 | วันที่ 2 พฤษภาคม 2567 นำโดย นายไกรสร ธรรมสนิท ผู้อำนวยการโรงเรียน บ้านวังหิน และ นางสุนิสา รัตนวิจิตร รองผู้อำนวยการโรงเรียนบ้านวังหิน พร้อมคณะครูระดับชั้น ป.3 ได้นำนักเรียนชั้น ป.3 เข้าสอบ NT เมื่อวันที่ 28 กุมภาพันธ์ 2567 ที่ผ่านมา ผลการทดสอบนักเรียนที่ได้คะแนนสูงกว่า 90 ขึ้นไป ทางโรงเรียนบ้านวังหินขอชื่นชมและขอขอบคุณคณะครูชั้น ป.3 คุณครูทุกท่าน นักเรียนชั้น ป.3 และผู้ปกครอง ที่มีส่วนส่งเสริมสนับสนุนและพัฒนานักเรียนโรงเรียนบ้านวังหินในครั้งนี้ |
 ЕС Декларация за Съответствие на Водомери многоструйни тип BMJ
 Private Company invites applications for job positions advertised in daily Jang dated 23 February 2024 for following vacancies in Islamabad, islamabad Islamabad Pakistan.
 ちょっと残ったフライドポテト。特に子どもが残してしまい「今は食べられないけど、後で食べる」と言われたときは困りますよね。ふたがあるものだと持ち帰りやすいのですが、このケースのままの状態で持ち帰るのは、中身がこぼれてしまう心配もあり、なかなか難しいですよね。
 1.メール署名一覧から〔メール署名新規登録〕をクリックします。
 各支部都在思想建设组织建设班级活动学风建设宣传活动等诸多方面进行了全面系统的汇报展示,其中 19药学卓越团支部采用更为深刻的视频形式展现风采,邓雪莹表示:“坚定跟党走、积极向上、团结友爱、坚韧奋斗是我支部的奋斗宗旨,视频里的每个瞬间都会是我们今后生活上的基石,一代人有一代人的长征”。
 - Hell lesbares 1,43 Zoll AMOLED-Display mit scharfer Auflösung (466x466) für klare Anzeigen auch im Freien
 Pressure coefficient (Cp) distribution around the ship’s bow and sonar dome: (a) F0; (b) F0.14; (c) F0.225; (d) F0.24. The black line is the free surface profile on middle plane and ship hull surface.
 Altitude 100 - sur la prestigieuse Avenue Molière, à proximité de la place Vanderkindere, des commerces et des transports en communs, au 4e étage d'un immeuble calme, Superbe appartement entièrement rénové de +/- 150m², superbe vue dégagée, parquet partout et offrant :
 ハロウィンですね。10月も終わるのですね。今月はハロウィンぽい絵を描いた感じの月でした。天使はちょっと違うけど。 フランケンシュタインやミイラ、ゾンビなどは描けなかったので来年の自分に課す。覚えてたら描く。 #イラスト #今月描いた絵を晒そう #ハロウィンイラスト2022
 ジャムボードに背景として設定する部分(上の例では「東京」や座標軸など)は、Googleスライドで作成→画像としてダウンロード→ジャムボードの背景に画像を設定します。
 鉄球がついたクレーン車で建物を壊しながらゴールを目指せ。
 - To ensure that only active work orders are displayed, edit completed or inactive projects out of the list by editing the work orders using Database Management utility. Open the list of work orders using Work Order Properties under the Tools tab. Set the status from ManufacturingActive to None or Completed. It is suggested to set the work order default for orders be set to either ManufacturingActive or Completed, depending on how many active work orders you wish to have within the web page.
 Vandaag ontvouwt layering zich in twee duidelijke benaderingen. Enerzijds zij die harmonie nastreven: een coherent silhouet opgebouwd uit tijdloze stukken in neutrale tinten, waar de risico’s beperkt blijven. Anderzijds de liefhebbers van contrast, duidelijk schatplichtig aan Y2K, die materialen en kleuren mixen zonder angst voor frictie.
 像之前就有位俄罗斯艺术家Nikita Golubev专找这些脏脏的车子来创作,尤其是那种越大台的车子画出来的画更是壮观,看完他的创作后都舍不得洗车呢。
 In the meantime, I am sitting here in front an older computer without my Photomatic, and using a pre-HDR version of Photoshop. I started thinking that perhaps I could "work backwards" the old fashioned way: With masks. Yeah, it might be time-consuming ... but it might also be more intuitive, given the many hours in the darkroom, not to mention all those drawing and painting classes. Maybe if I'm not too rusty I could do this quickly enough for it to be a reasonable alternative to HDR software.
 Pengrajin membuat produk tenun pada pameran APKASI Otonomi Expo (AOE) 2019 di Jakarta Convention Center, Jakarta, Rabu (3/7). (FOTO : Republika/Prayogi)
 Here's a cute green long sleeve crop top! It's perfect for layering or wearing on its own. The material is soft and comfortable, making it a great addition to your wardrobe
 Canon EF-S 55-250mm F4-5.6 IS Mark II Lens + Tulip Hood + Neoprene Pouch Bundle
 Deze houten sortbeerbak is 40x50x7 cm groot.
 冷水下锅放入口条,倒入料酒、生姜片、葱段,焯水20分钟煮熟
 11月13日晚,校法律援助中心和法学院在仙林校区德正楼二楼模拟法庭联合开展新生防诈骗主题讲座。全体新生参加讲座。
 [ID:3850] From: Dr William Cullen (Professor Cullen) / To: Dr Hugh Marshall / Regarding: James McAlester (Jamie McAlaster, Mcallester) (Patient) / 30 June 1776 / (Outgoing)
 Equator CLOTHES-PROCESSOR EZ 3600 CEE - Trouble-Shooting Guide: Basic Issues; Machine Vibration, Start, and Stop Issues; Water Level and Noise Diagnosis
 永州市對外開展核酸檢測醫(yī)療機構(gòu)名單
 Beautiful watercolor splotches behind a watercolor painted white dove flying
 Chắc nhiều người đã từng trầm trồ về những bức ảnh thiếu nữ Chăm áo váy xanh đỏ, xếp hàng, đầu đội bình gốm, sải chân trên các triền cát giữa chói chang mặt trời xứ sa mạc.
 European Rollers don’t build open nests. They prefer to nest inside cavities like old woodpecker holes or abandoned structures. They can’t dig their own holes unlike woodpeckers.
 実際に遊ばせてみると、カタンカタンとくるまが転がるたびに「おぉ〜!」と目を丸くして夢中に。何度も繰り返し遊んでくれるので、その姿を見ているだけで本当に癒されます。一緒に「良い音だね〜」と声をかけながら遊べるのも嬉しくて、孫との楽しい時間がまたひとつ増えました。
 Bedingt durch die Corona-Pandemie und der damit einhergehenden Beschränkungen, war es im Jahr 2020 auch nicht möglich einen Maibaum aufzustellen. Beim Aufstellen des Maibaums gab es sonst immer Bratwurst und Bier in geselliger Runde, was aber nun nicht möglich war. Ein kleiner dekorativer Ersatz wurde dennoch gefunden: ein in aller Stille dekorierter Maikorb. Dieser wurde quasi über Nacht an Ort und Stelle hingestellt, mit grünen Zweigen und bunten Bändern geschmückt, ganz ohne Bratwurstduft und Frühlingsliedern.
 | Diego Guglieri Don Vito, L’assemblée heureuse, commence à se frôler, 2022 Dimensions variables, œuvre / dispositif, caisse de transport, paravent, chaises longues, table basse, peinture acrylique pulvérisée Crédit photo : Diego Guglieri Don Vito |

══════

[What the task requires]
Retype only the stretch of lines above starting at the one with "- To ensure" and stopping at the one with "11月13日晚,校法律援助中", exactly as written, with both kept.

[Task response]
 - To ensure that only active work orders are displayed, edit completed or inactive projects out of the list by editing the work orders using Database Management utility. Open the list of work orders using Work Order Properties under the Tools tab. Set the status from ManufacturingActive to None or Completed. It is suggested to set the work order default for orders be set to either ManufacturingActive or Completed, depending on how many active work orders you wish to have within the web page.
 Vandaag ontvouwt layering zich in twee duidelijke benaderingen. Enerzijds zij die harmonie nastreven: een coherent silhouet opgebouwd uit tijdloze stukken in neutrale tinten, waar de risico’s beperkt blijven. Anderzijds de liefhebbers van contrast, duidelijk schatplichtig aan Y2K, die materialen en kleuren mixen zonder angst voor frictie.
 像之前就有位俄罗斯艺术家Nikita Golubev专找这些脏脏的车子来创作,尤其是那种越大台的车子画出来的画更是壮观,看完他的创作后都舍不得洗车呢。
 In the meantime, I am sitting here in front an older computer without my Photomatic, and using a pre-HDR version of Photoshop. I started thinking that perhaps I could "work backwards" the old fashioned way: With masks. Yeah, it might be time-consuming ... but it might also be more intuitive, given the many hours in the darkroom, not to mention all those drawing and painting classes. Maybe if I'm not too rusty I could do this quickly enough for it to be a reasonable alternative to HDR software.
 Pengrajin membuat produk tenun pada pameran APKASI Otonomi Expo (AOE) 2019 di Jakarta Convention Center, Jakarta, Rabu (3/7). (FOTO : Republika/Prayogi)
 Here's a cute green long sleeve crop top! It's perfect for layering or wearing on its own. The material is soft and comfortable, making it a great addition to your wardrobe
 Canon EF-S 55-250mm F4-5.6 IS Mark II Lens + Tulip Hood + Neoprene Pouch Bundle
 Deze houten sortbeerbak is 40x50x7 cm groot.
 冷水下锅放入口条,倒入料酒、生姜片、葱段,焯水20分钟煮熟
 11月13日晚,校法律援助中心和法学院在仙林校区德正楼二楼模拟法庭联合开展新生防诈骗主题讲座。全体新生参加讲座。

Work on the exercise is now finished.